6. Heatmaps of Correlation Matrices (Using Rank-Based Correlations)
While traditional correlation matrices rely on Pearson coefficients, using Spearman or Kendall in a heatmap format can highlight potential non-linear associations.
-
Visualization: Color gradients represent strength and direction of relationships.
-
Benefit: Helps prioritize which variable pairs warrant deeper non-linear analysis.
7. Loess/LOWESS Curves in Scatter Plots
Locally Weighted Scatterplot Smoothing (LOWESS or LOESS) overlays a smooth curve over scatter plot data to show the local relationship between variables.
-
Usage: Apply LOWESS to reveal underlying trends that are not obvious from raw points.
-
Detection: Deviations from a straight line imply non-linear behavior.
Tools like Seaborn’s regplot()
or lmplot()
with lowess=True
help generate such curves.
8. Polynomial and Spline Fitting
Fit polynomial curves of varying degrees to the data.
-
Procedure: Try quadratic, cubic, or higher-order polynomials to see if the fit improves.
-
Spline Regression: Breaks the data into intervals and fits piecewise polynomials, useful for complex non-linear structures.
Plotting these fitted curves over raw data reveals how well the model explains variation.
9. Decision Trees for Pattern Recognition
Decision trees naturally capture non-linear relationships.
-
Usage: Fit a decision tree regressor or classifier and evaluate feature splits.
-
Interpretation: The hierarchical decision structure shows variable interactions and thresholds not apparent in linear models.
Though not strictly part of traditional EDA, shallow decision trees can be used as exploratory tools.

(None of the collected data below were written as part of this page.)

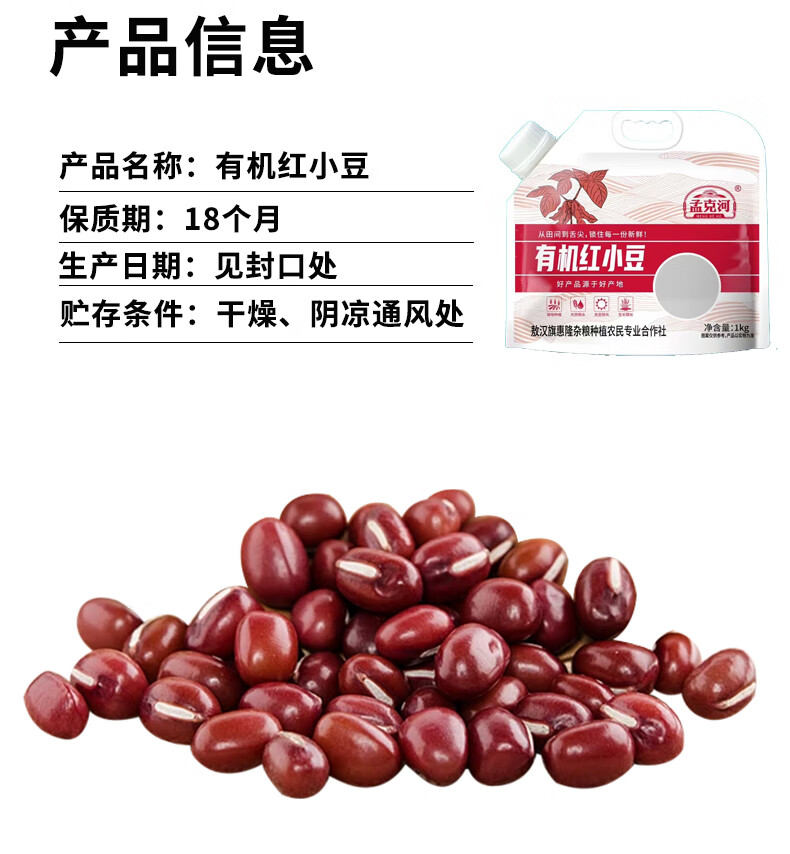 孟克河 1000 红豆 有机红小豆1kg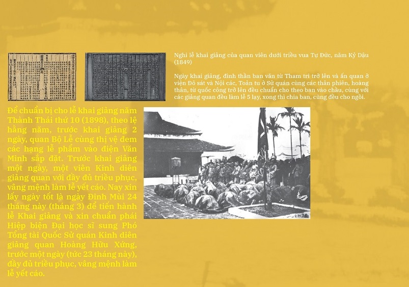 Ngày khai giảng dưới triều Nguyễn được tiến hành theo ngày tốt mà Khâm thiên giám chọn, thông thường sau ngày khai ấn. Công tác chuẩn bị cho lễ khai giảng được thực hiện chu đáo. Nhà vua đích thân khuyên chọn tên của giảng quan sẽ làm lễ yết cáo ở điện Văn Minh. Ngày khai giảng diễn ra trang trọng. Hoàng thượng ngự Kinh diên khai giảng, hôm đó nghỉ thiết triều. Có thể thấy, Lễ Khai giảng dưới triều Nguyễn mang đậm dấu ấn thời đại.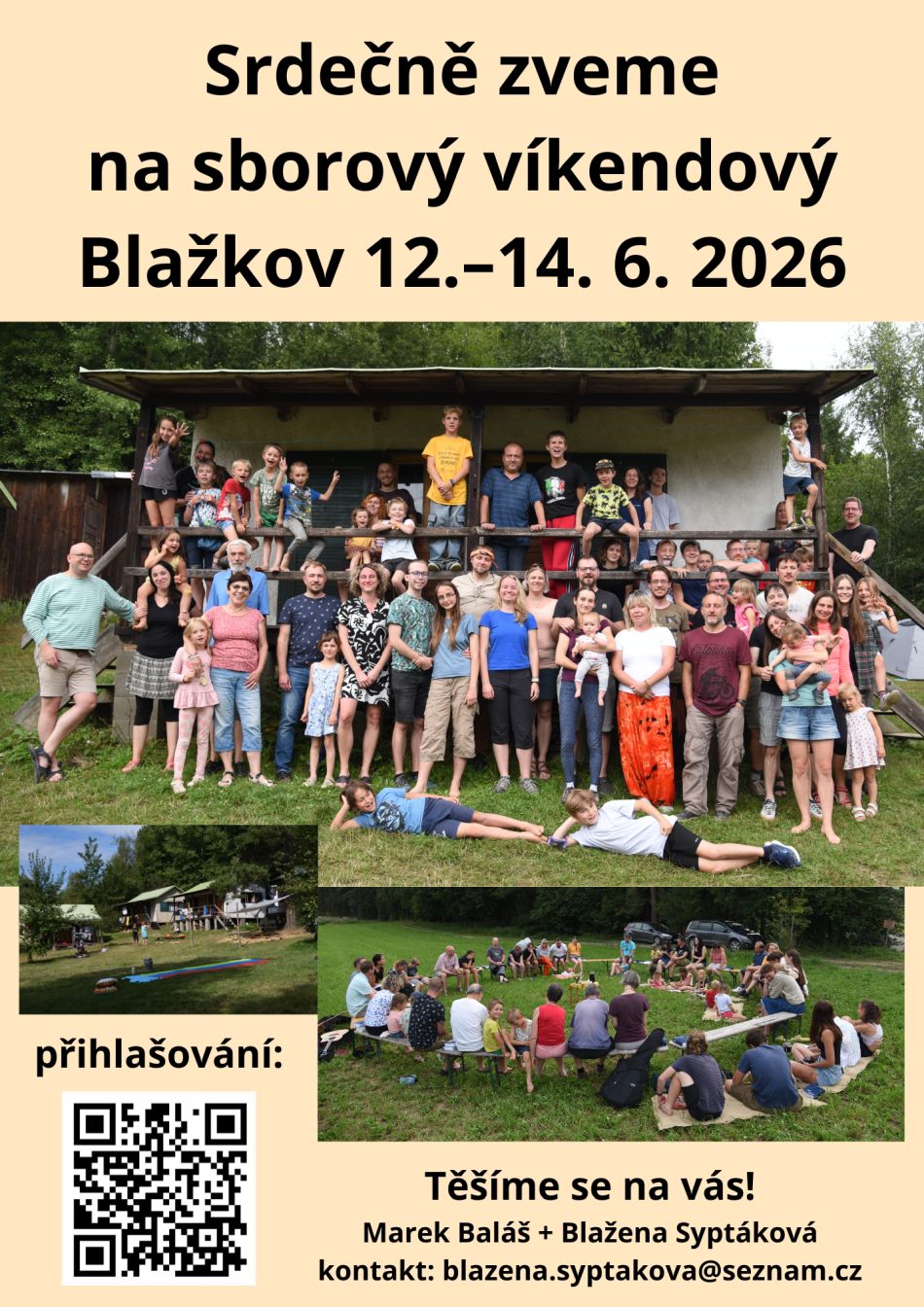 7 Od 1. do 8. srpna chystáme letní sborový pobyt na Blažkově. Můžete se na něj hlásit rovněž do Velikonoční neděle 5. dubna přes přihlašovací formulář, kde najdete další informace.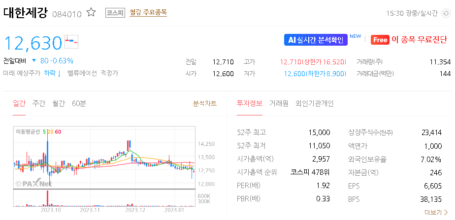 대한제강 주가 분석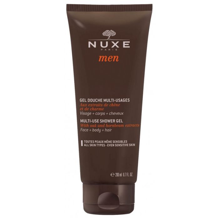 Gel de Ducha Masculino Multiusos da Nuxe é um gel para corpo, rosto e cabelo que não contém sabão para respeitar ao máximo a pele sem ressecá-la.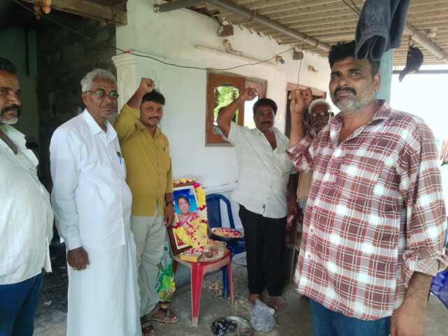 ఎర్రుపాలెం మండల పరిధిలోని రామపురం గ్రామనికి చెందిన పాపన జయరామ్ భార్య సిపి(ఐ)ఎం పార్టి సభ్యురాలు ఆరోగ్యముతో ఇటివల పాపన నాగేంద్ర మృతి చెందారు. ఆమె దశ దిన కార్యక్రమానికి సిపిఎం జిల్లా నాయకులు దివ్వెల వీరయ్య,మండల కార్యదర్శి మద్దాల ప్రభాకరరావు హాజరై ఆమె చిత్రపటానికి పూలమాల వేసి ఘనంగా నివాళులర్పించారు. ఈ కార్యక్రమంలో సిపిఎం మండల సభ్యులు అంగొతు వేంకటేశ్వర్లు,సగుర్తి సంజీవరావు, లగడపాటి అప్పారావు,షేక్ పాకిర్,వేంకటేశ్వర్లు,మస్తాన్,కొందేపాటి గురవయ్య, సుందరయ్య తదితరులు పాల్గొన్నారు…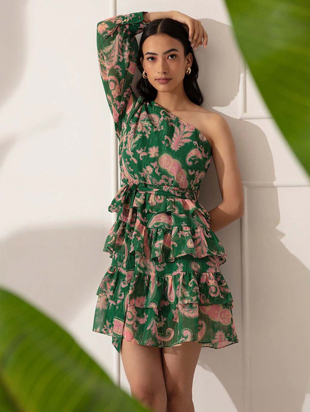 Green and pink floral print fit & flare dress One shoulder Long, regular sleeves Above knee length in flounce hem Chiffon fabric Concealed zip closure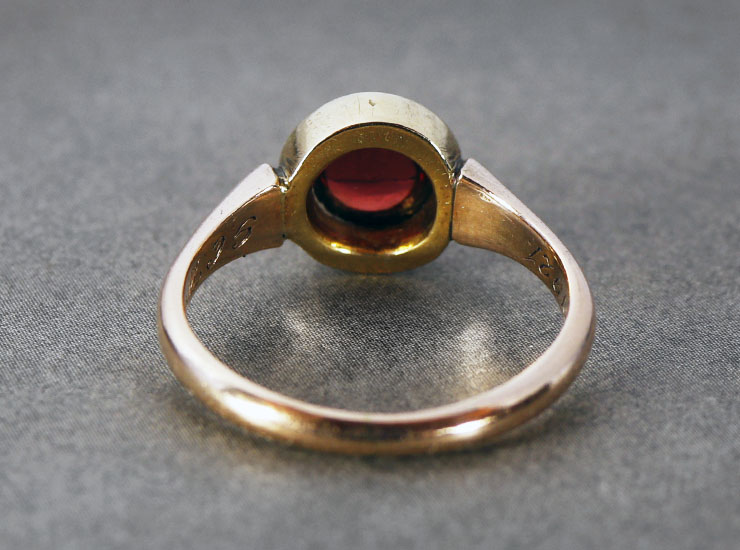 1921年のイギリス製アンティークリングです。ぷるんと果実のようにみずみずしくも濃厚な赤。艶やかな照りが美しいアルマンディンガーネットです。シンプルなデザインのリングの内側には「G.C.W. & L.M.W. to L.G.W. Aug 9th d1921」(G.C.W.とL.M.W.からL.G.W.へ。1921年8月9日)と手彫りで刻まれています。3人とも名字が「W」なので、身内から贈られたリングのようです。誕生日祝いでしょうか。100年も前の、見知らぬ人々の幸せな光景がふわふわと浮かび、胸が温かくなります。リングは大切にされていたのでしょう。摩耗が少なく、とても100歳とは思えません。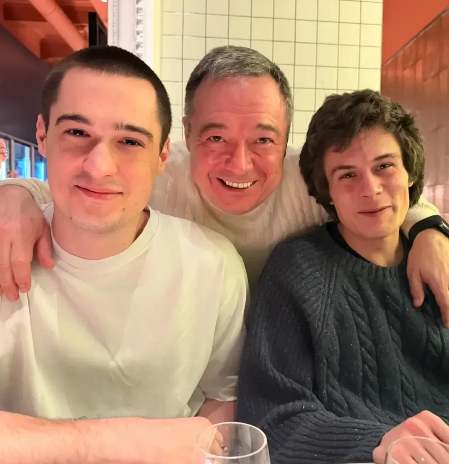 Анна Михалкова показала редкое фото мужа и сыновей. В личном блоге в запрещённой соцсети актриса опубликовала совместный снимок наследников с их отцом, супругом артистки Альбертом Баковым. На снимке все трое радостно улыбались. Баковы — Андрей, Сергей и их папа — запечатлены, судя по всему, в ресторане.

10. Dimensionality Reduction Techniques
Techniques like t-SNE (t-distributed Stochastic Neighbor Embedding) and UMAP (Uniform Manifold Approximation and Projection) help in identifying complex relationships in high-dimensional data.
-
Application: Useful when relationships are hard to visualize due to many features.
-
Detection: Non-linear structures in lower-dimensional plots suggest hidden non-linear associations.
These are particularly valuable when dealing with large, multi-feature datasets.
11. Transformations to Reveal Hidden Patterns
Sometimes transforming variables helps uncover non-linear relationships.
-
Common Transformations:
-
Logarithmic
-
Square root
-
Reciprocal
-
Box-Cox or Yeo-Johnson transformations
-
Post-transformation scatter plots or correlation analysis can indicate if the transformation linearizes the relationship.
12. Interaction Effects and Feature Engineering
Creating interaction terms or polynomial features can help reveal non-linear effects.
-
Example: Instead of just using
X
, includeX^2
orX*Z
(interaction with another variable). -
Analysis: Check whether these engineered features show stronger relationships with the target.
EDA on these engineered features often brings out patterns that were previously invisible.
Conclusion
Detecting non-linear relationships during EDA is essential for selecting appropriate modeling techniques and avoiding biased inferences. While scatter plots and correlation measures are the cornerstone, combining them with residual analysis, non-linear fits, and dimensionality reduction ensures a robust exploratory approach. By methodically applying these techniques, data scientists can gain deeper insights and construct models that more accurately capture the complexity of real-world data.